## [WHAT THE TASK ASKS]
Word for word, reproduce each line of the data below, omitting every image.

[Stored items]
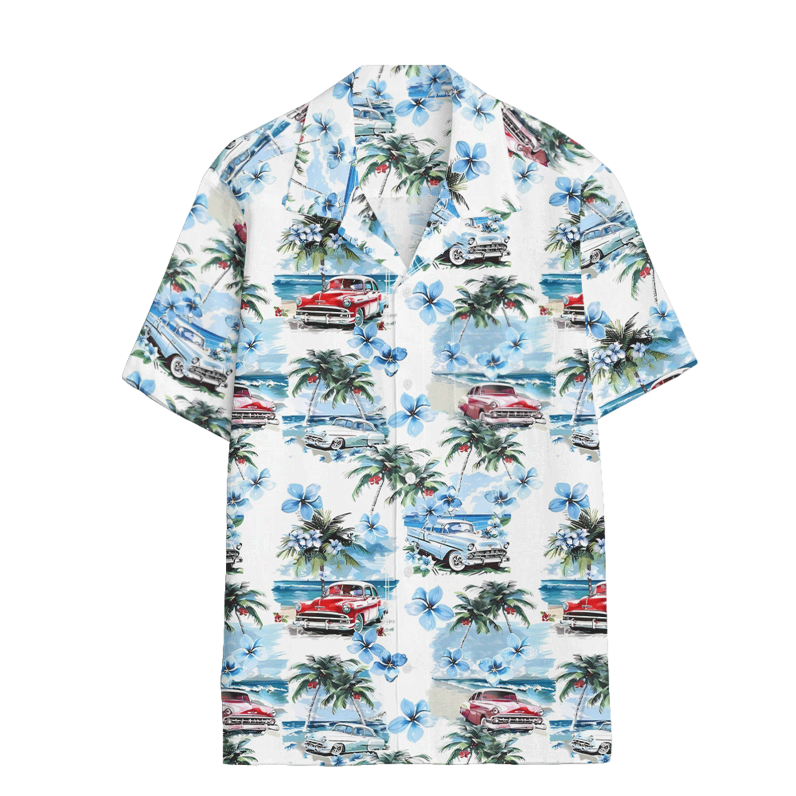 Vintage Car Hawaiian Vacation Men's Breathable Hawaiian Shirt Pocket Camp Shirt
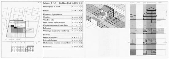 The plan of Schio around 1990 is worthy of attention. The project focused on a workers’ settlement with only about 100 years’ history rather than a traditional historic center. To address the destruction triggered by increasingly haphazard and inappropriate private additions and renovations since the 1970s, the plan identified five intervention categories (A–E) for the whole neighborhood according to the historic, cultural, and architectural value, with each block indexed by a sequential number (A1, A2, …) [73]. For each block and plot, a corresponding specific scheme of plans, sections, and facades was devised, involving precise guidelines for managing and controlling the variation in morphological elements of buildings and public spaces (Figure 3) [73]. Notably, the project produced a handbook that was distributed to local inhabitants (both owners and tenants) and the public for guiding and managing their addition and renovation actions.
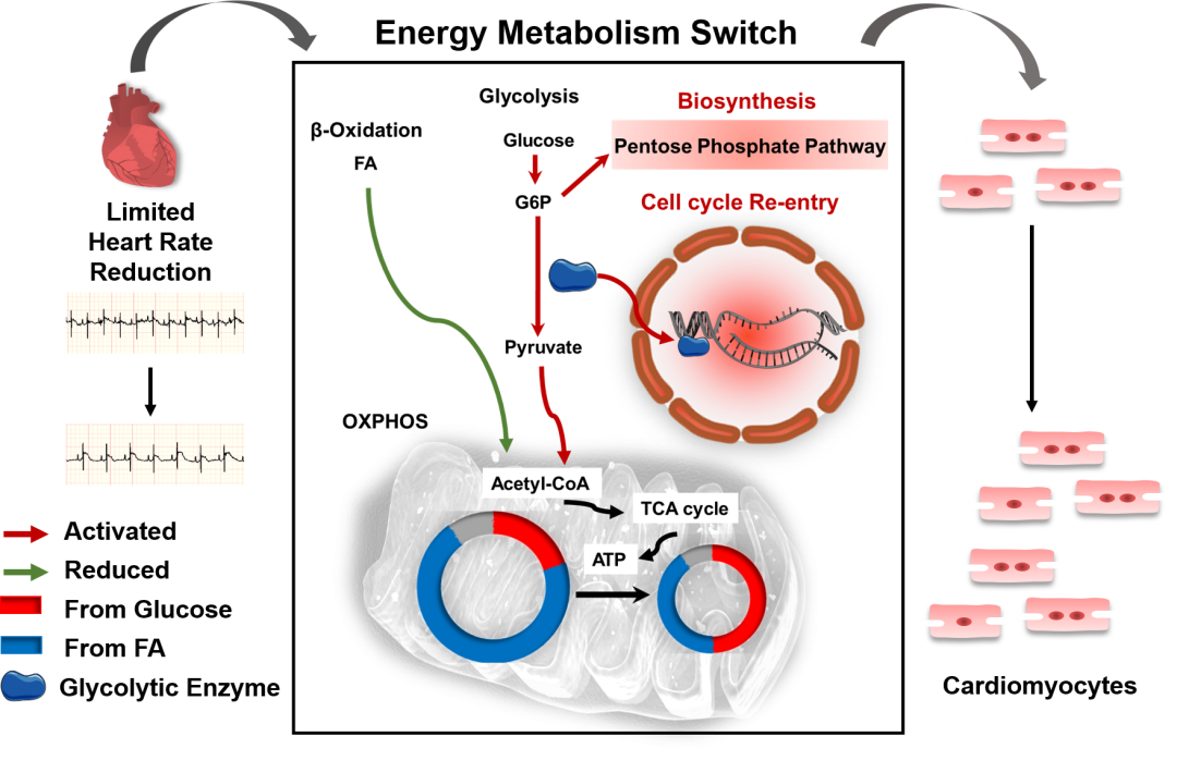 图注:适度心率降低刺激代谢模式转换,诱导心肌细胞(CM)增殖,并促进心肌损伤后的心脏再生修复
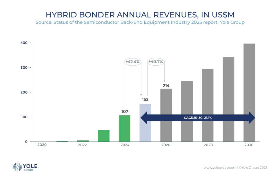 Yole Group预测,随着前端工艺控制引入封装生产线,高精度放置和更洁净的铜接口技术将成为市场增长的关键驱动力。未来,后端设备市场将继续受益于AI和高性能计算的需求增长。
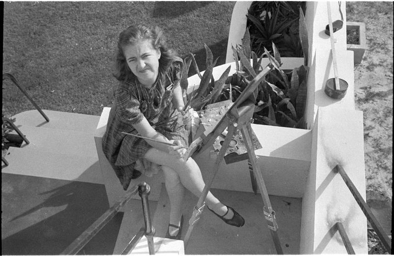 [Felicia Marsh painting outside at Fred Dana Marsh's "Battleship" house in Ormond Beach, Florida.]
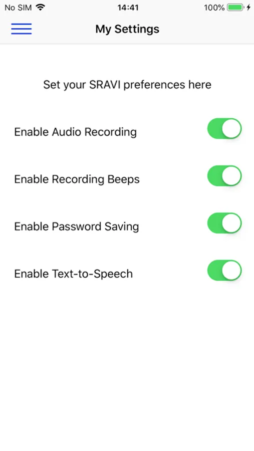 SRAVI will record a video of your face for the purpose of lip reading only. SRAVI will only record video when you press the record button on the 'Read My Lips' screen.

## [EXERCISE SOLUTION]
 Vintage Car Hawaiian Vacation Men's Breathable Hawaiian Shirt Pocket Camp Shirt
 The plan of Schio around 1990 is worthy of attention. The project focused on a workers’ settlement with only about 100 years’ history rather than a traditional historic center. To address the destruction triggered by increasingly haphazard and inappropriate private additions and renovations since the 1970s, the plan identified five intervention categories (A–E) for the whole neighborhood according to the historic, cultural, and architectural value, with each block indexed by a sequential number (A1, A2, …) [73]. For each block and plot, a corresponding specific scheme of plans, sections, and facades was devised, involving precise guidelines for managing and controlling the variation in morphological elements of buildings and public spaces (Figure 3) [73]. Notably, the project produced a handbook that was distributed to local inhabitants (both owners and tenants) and the public for guiding and managing their addition and renovation actions.
 图注:适度心率降低刺激代谢模式转换,诱导心肌细胞(CM)增殖,并促进心肌损伤后的心脏再生修复
 Yole Group预测,随着前端工艺控制引入封装生产线,高精度放置和更洁净的铜接口技术将成为市场增长的关键驱动力。未来,后端设备市场将继续受益于AI和高性能计算的需求增长。
 [Felicia Marsh painting outside at Fred Dana Marsh's "Battleship" house in Ormond Beach, Florida.]
 SRAVI will record a video of your face for the purpose of lip reading only. SRAVI will only record video when you press the record button on the 'Read My Lips' screen.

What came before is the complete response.